= 1907 Uruguayan parliamentary election =

Parliamentary elections were held in Uruguay on 24 November 1907 to elect all members of the Chamber of Representatives. The main opposition, the National Party did not contest the elections, although some National Party members ran under the "Nationalist Directorate" name.

==Electoral system==
The elections were held using a majority/minority system, in which the first and second parties in each constituency (based on departments) received a set number of seats, regardless of their vote shares. In Montevideo and constituencies with four seats, three-quarters of the seats were awarded to the first-placed party and one-quarter to the second-placed party. In constituencies with three seats, two were given to the first-placed party and one to the runner-up, as long as the second-placed party received at least 25% of the vote. In Flores Department (which had two seats) the second-placed party had to receive at least 50% of the number of votes received by the first-placed party to win a seat.

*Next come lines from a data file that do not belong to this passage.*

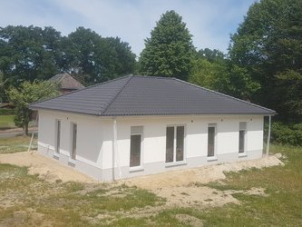 Für eine Familie mit zwei Kindern ist der Bungalow 110 ein ideales Zuhause. Er bietet ein gemütliches Wohnzimmer mit Essbereich, ein geräumiges Schlafzimmer und zwei weitere Zimmer. Alle Räume sind dank großer Fenster hell und freundlich. Mit quasi einem Schritt sind Sie mit Ihren Liebsten im Garten und können die Sommerzeit bei einem Grillabend genießen.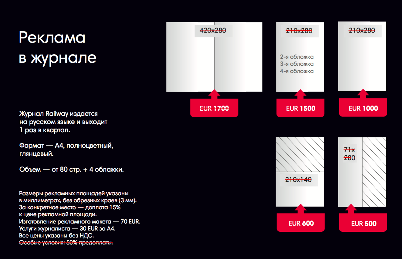 - 1-я обложка (требуется тематическое согласование снимка и текста с редакцией) — 4 000 евро,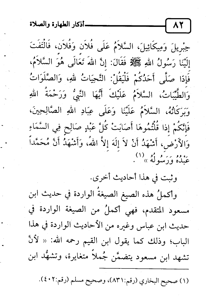 جِبْرِيلَ وَمِيكَائِيلَ، السَّلاَمُ عَلَى فُلاَنٍ وَفُلاَنٍ، فَالْتَفَتَ إِلَيْنَا رَسُولُ اللهِ صلى الله عليه وسلم فَقَالَ: إِنَّ اللهَ تَعَالَى هُوَ السَّلاَمُ، فَإِذَا صَلَّى أَحَدُكُمْ فَلْيَقُلْ: التَّحِيَاتُ للهِ، وَالصَّلَوَاتُ وَالطَّيِّبَاتُ، السَّلاَمُ عَلَيْكَ أَيُّهَا النَّبيُّ وَرَحْمَةُ اللهِ وَبَرَكَاتُهُ، السَّلاَمُ عَلَيْنَا وَعَلَى عِبَادِ اللهِ الصَّالِحِينَ، فَإِنَّكُمْ إِذا قُلْتُمُوهَا أَصَابَتْ كُلَّ عَبْدٍ صَالِحٍ فِي السَّمَاءِ وَالأَرْضِ، أَشْهَدُ أَنْ لاَ إِلَهَ إِلاَّ اللهُ، وَأَشْهَدُ أَنَّ مُحَمَّداً عَبْدُهُ وَرَسُولُهُ" 1.

Suffrage was limited to literate men. Voting was not secret, as voters had to sign their ballot paper.

==Results==

| Party |  | Votes | % | Seats | +/– |
|  | Colorado Party | 28,202 | 63.54 | 69 | +18 |
|  | Nationalist Directorate | 13,335 | 30.04 | 14 | New |
|  | Civic Reaction | 2,801 | 6.31 | 1 | New |
|  | Other parties | 47 | 0.11 | 0 | – |
| Total |  | 44,385 | 100.00 | 84 | +13 |
Source: Bottinelli et al.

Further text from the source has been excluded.